» Exercise requirements: All pictures are to be dropped, and the remaining data set down exactly.

» Collected material:
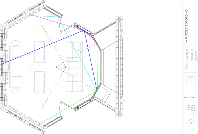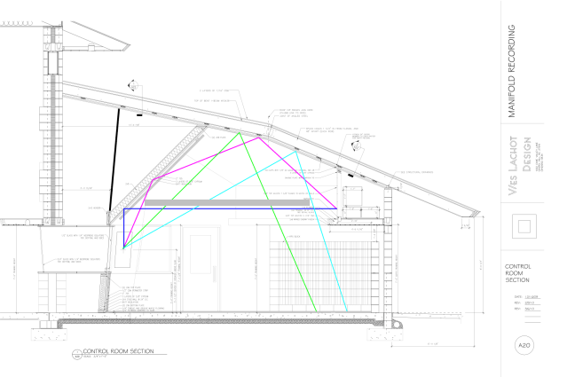 But the deflection of waves from the listening position is only part of the function (and the genius) of the Walling. Another of its functions is to act as a bass trap, solving modal build-up problems that less radical room geometries mostly fail to address and which are equally difficult to manage with small-scale after-the-fact devices. Room corners collect bass energy like dust-bunnies, and few acoustic treatments provide the bang for the buck of good corner treatments. The Control Room Section above (Page A20) shows only a sketch of the insulation fill that lies behind the Walling. A more accurate section would show that the insulation fill is basically solid all the way back to the solid black line that extends up from the inner Control Room Window framing. Compared with the typical 2′-3′ wide corner trap devices, the Walling is 8x-5x larger, resulting in more than two (and up to four) octaves more bass trapping than modular units. We estimate that the Walling can effectively trap down to 24Hz, and look forward to measuring its actual performance.
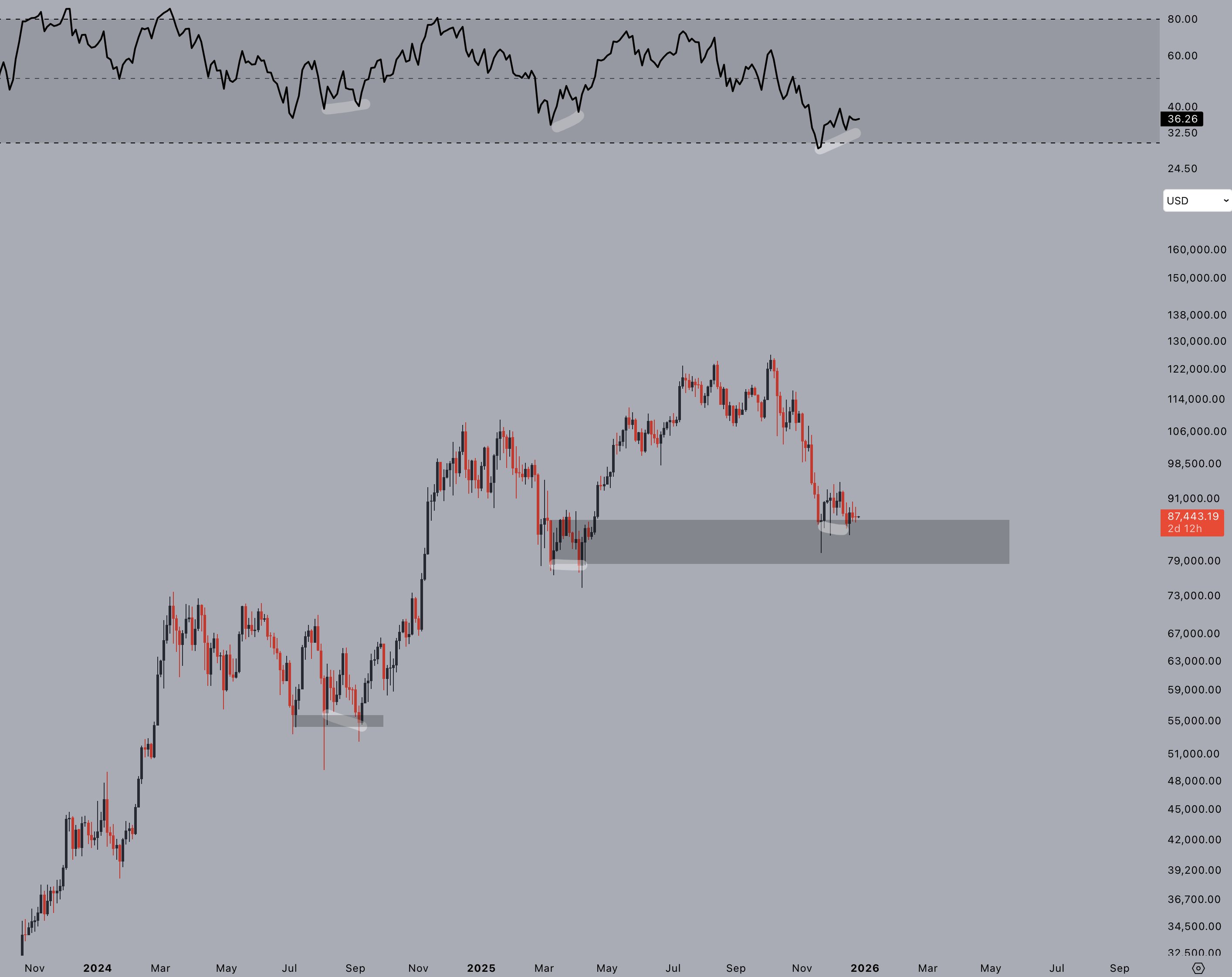 BTC/USD three-day chart with RSI data. Source: Jelle/X
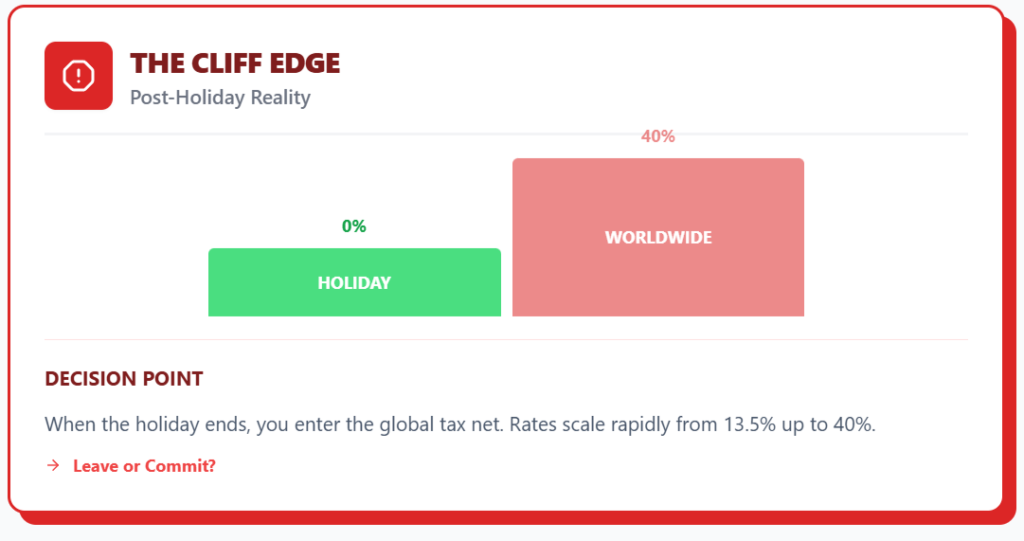 Mr. B’s $60,000 annual income often lands in the 13.5% to 23% range after the holiday. This marks the transition into the high-tax resident status.

» Result of this task:
 But the deflection of waves from the listening position is only part of the function (and the genius) of the Walling. Another of its functions is to act as a bass trap, solving modal build-up problems that less radical room geometries mostly fail to address and which are equally difficult to manage with small-scale after-the-fact devices. Room corners collect bass energy like dust-bunnies, and few acoustic treatments provide the bang for the buck of good corner treatments. The Control Room Section above (Page A20) shows only a sketch of the insulation fill that lies behind the Walling. A more accurate section would show that the insulation fill is basically solid all the way back to the solid black line that extends up from the inner Control Room Window framing. Compared with the typical 2′-3′ wide corner trap devices, the Walling is 8x-5x larger, resulting in more than two (and up to four) octaves more bass trapping than modular units. We estimate that the Walling can effectively trap down to 24Hz, and look forward to measuring its actual performance.
 BTC/USD three-day chart with RSI data. Source: Jelle/X
 Mr. B’s $60,000 annual income often lands in the 13.5% to 23% range after the holiday. This marks the transition into the high-tax resident status.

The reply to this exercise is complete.